Data section start

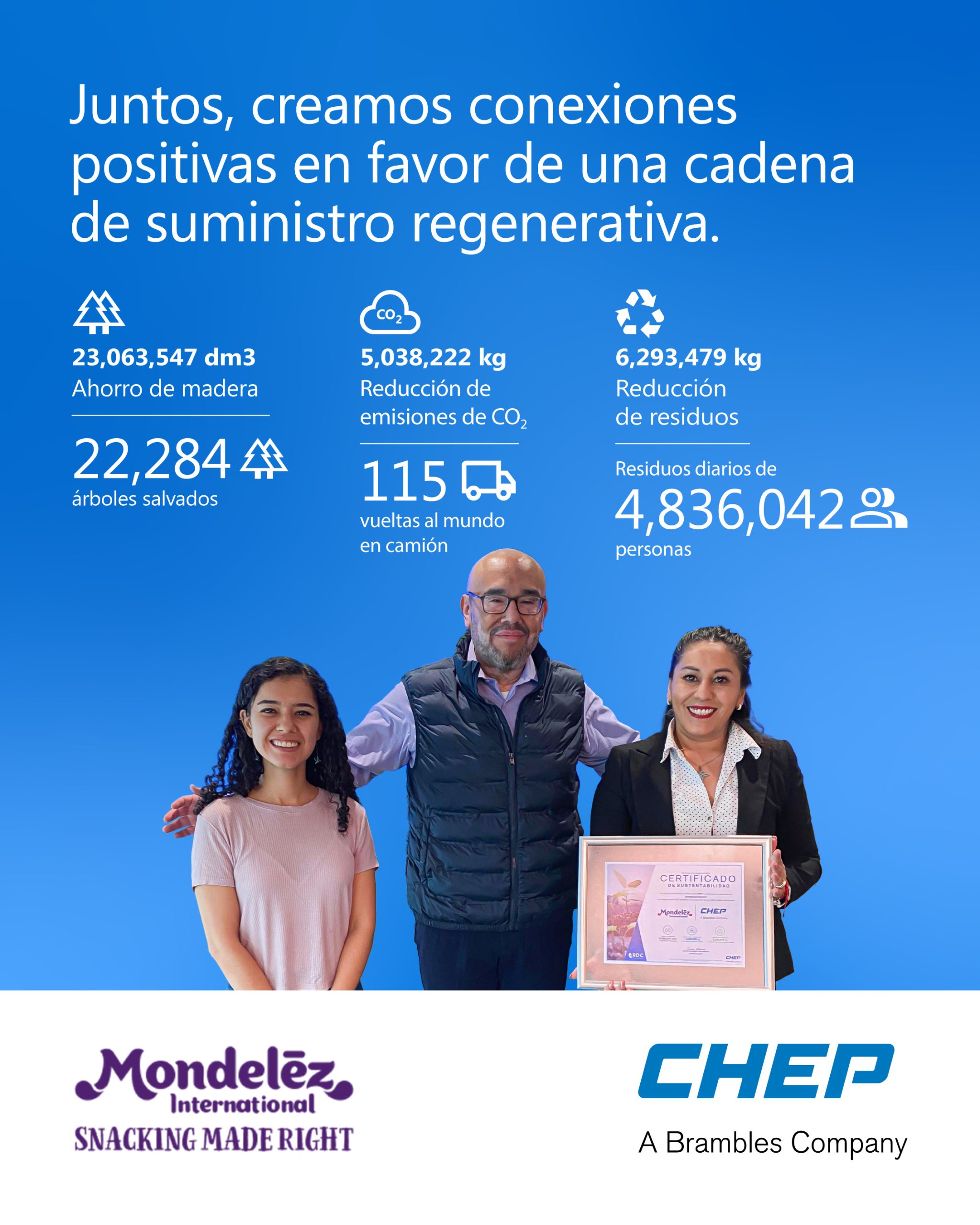 Gracias a esta alianza, CHEP entregó recientemente a Mondelēz México su Certificado de Sostenibilidad, un reflejo de los esfuerzos de circularidad que la compañía realiza a nivel global en toda su cadena de producción.
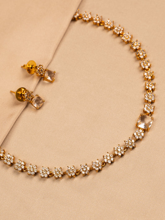 Classic Gold Crystal Floral Necklace Set
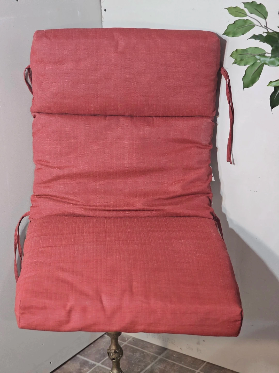 This is a red patio chair cushion but am selling all 4. . It's made of a durable fabric and has ties to secure it to a chair. Adds comfort to your outdoor seating!

Data section end

Restate the material above word for word, dropping the pictures.

 Gracias a esta alianza, CHEP entregó recientemente a Mondelēz México su Certificado de Sostenibilidad, un reflejo de los esfuerzos de circularidad que la compañía realiza a nivel global en toda su cadena de producción.
 Classic Gold Crystal Floral Necklace Set
 This is a red patio chair cushion but am selling all 4. . It's made of a durable fabric and has ties to secure it to a chair. Adds comfort to your outdoor seating!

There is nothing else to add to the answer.